Farah Ann binti Abdul Hadi (born 3 May 1994) is a Malaysian former artistic gymnast.

==Early life==
Farah was born in Subang Jaya, Selangor, to a Malaysian father, Abdul Hadi Ahmad and a Canadian mother, Kimberly Ann Gagnon on 3 May 1994. She is the second of three children and her sister, Katrina Ann, is a former national synchronized swimmer.

== Career ==
She took up gymnastics at age three and started to compete at the national level competition Sukma Games. Farah Ann made her first appearance at the 2010 Games in New Delhi, scoring 12.050 points (floor exercise), 10.500 (beam) and 10.250 (uneven bars) as Malaysia finished fourth in the team event.

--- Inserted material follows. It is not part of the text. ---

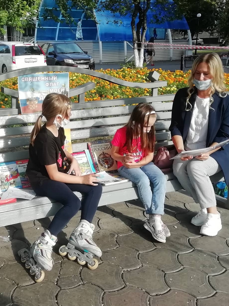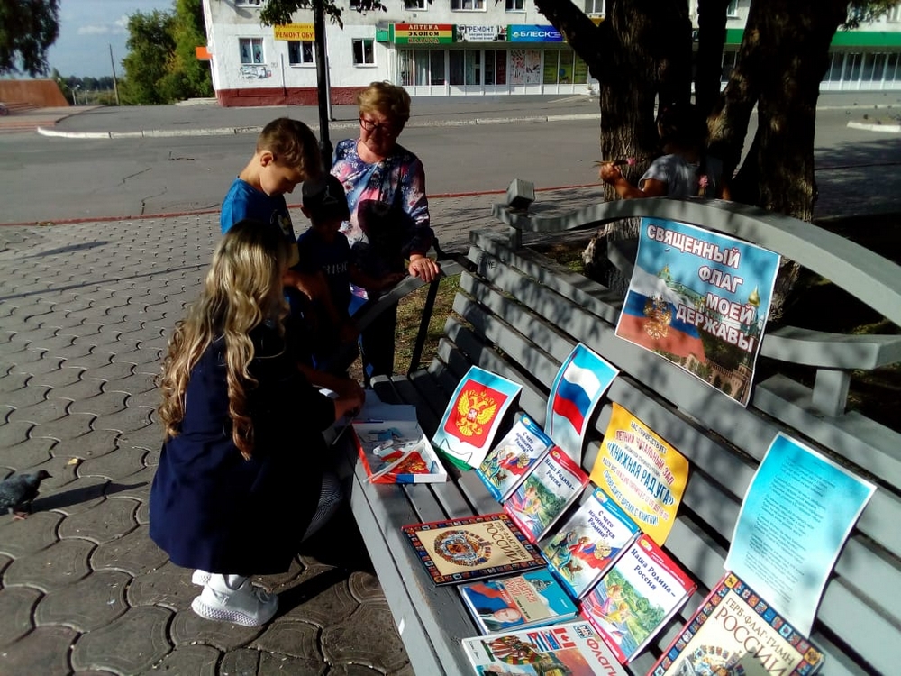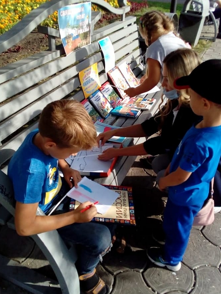 Солнечный пятничный читальный зал библиотеки семейного чтения «Книжная радуга» встречал своих гостей познавательной и патриотической книжной выставкой «Священный флаг моей державы», посвященной замечательной и торжественной дате – Дню Государственного флага России. На выставке были представлены книги об истории России, а также рассказы и стихи о Родине. Ребята смогли узнать, благодаря кому и когда появился первый трехцвет. Библиотекарь поведала о значении каждого цвета и том, что наряду с флагом у России есть еще герб и гимн – главные отличительные знаки, которые являются символами страны. Ребята с большим интересом собирали пазлы с Российской символикой. Все желающие смогли принять участие в мастер-классе и сделать флаг любимой Родины своими руками, и, конечно, отобразить триколор в рисунках на асфальте, осознав себя неотъемлемой частью большой страны.

In 2014, Farah Ann then took up the bronze in the floor exercise and the team event at the Artistic Celtic Cup-Commonwealth Invitational in Perth, Scotland. Later that year, she finished in 11th place out of 24 gymnasts in the women’s individual all-round finals at the Commonwealth Games in Glasgow, Scotland. After the Commonwealth Games, she competed in the Asian Games in Incheon, South Korea. During the qualification stage, she placed sixth on the vaults (13.650 points), sixth in the uneven bars (12.800), 12th in the balance beam (12.250) and fourth in the floor exercise (13.050). She made it to the finals in the floor exercise, and finished 7th.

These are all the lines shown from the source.